"""

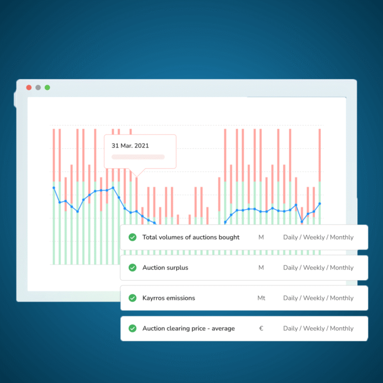 Beyond its unique measurement of emissions demand, Kayrros provides a global view of the ETS market including supply, demand forecast, auction volumes and prices, etc.
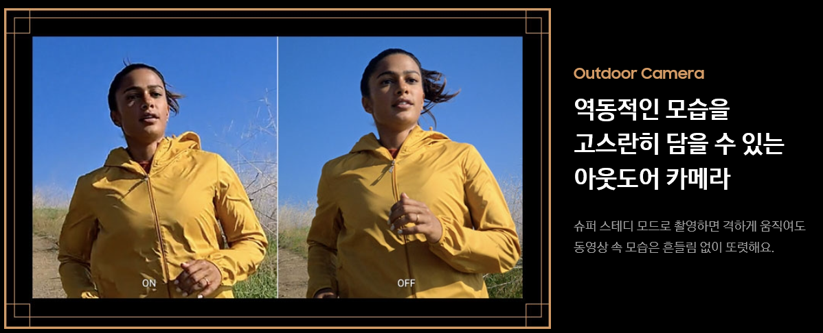 아웃도어 카메라 기능은 위 사진으로는 어떤건지 정확히 감이 안잡히네요. 꺼진 상태가 더 잘나와보이는데..
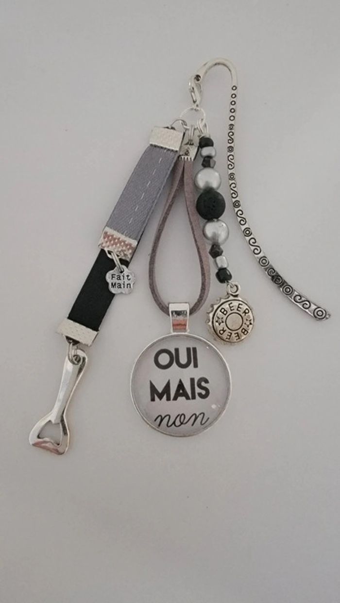 Cadeau humour, bijoux de sac ou marque page de " oui mais non "
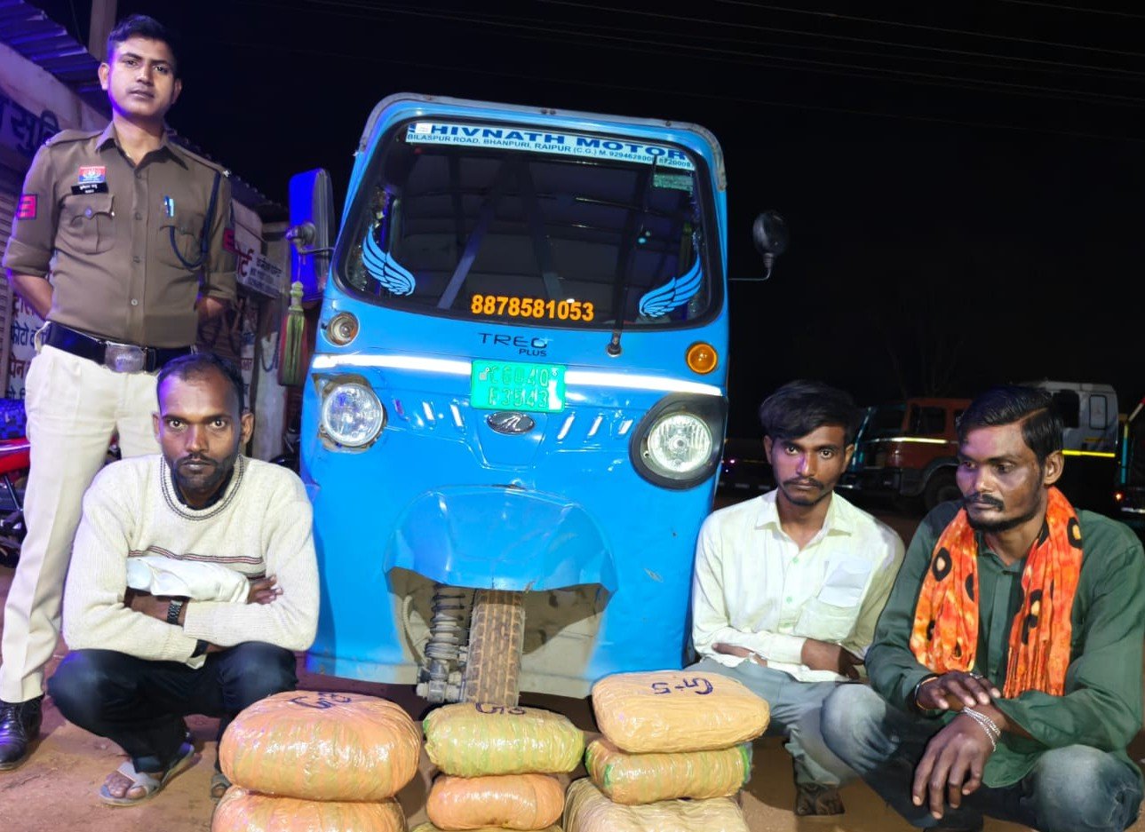 आरोपियों के कब्जे से एक महेंद्र कंपनी का इलेक्ट्रिक ऑटो, गांजा, मोबाइल फोन, ईयरबड और नकद राशि जब्त कर धारा 20(ख)(ii) एनडीपीएस एक्ट के तहत विधिवत कार्रवाई की गई। सभी आरोपियों को न्यायालय में पेश कर जेल भेज दिया गया है।
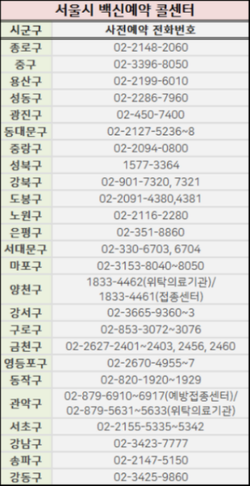 서울의 경우 아래에 제가 표로 사전예약 전화번호를 정리해놨으니 참고하세요.
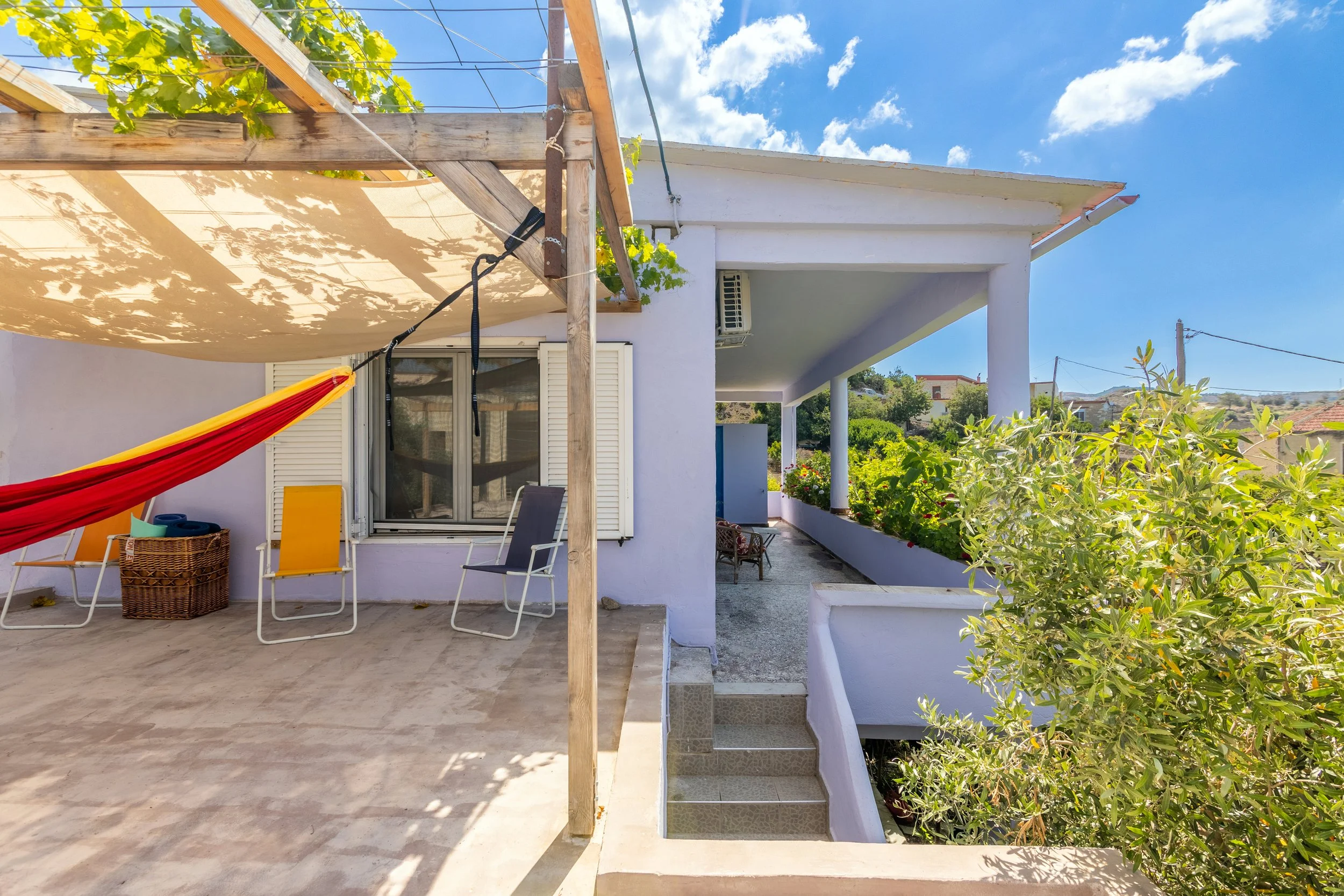 Relax on the terrace with a hammock while enjoying peaceful views of the mountains and garden.
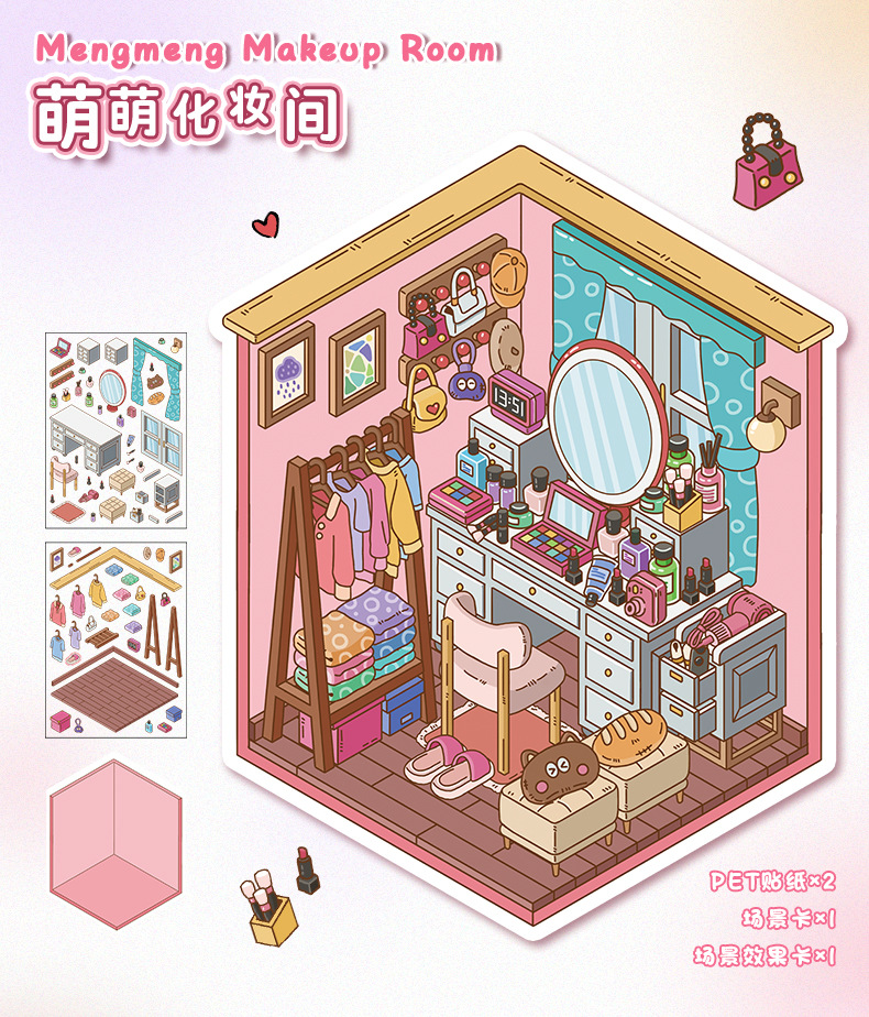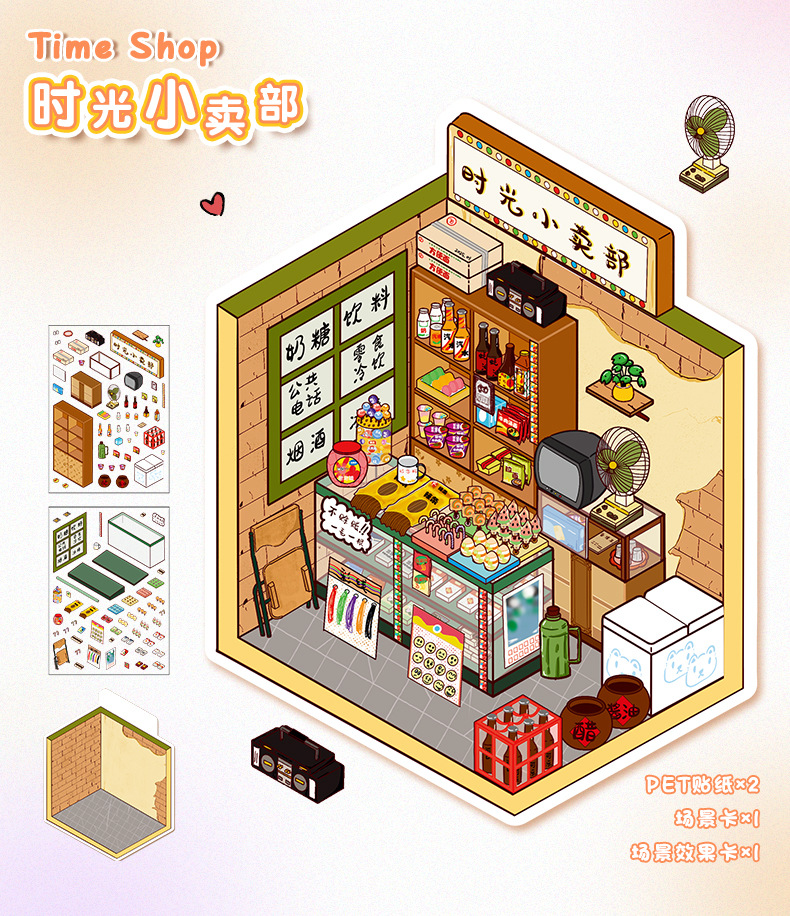 방 코너 조경 스티커 귀여운 3D 입체 오두막 크리 에이 티브 미니어처 장면 DIY 어린이 스티커스토어 가기

"""

WHAT TO PRODUCE
Copy the lines exactly. Start at the line with "आरोपियों के कब्जे", end at the last line above, include both, and omit all pictures.

WRITTEN RESPONSE
 आरोपियों के कब्जे से एक महेंद्र कंपनी का इलेक्ट्रिक ऑटो, गांजा, मोबाइल फोन, ईयरबड और नकद राशि जब्त कर धारा 20(ख)(ii) एनडीपीएस एक्ट के तहत विधिवत कार्रवाई की गई। सभी आरोपियों को न्यायालय में पेश कर जेल भेज दिया गया है।
 서울의 경우 아래에 제가 표로 사전예약 전화번호를 정리해놨으니 참고하세요.
 Relax on the terrace with a hammock while enjoying peaceful views of the mountains and garden.
 방 코너 조경 스티커 귀여운 3D 입체 오두막 크리 에이 티브 미니어처 장면 DIY 어린이 스티커스토어 가기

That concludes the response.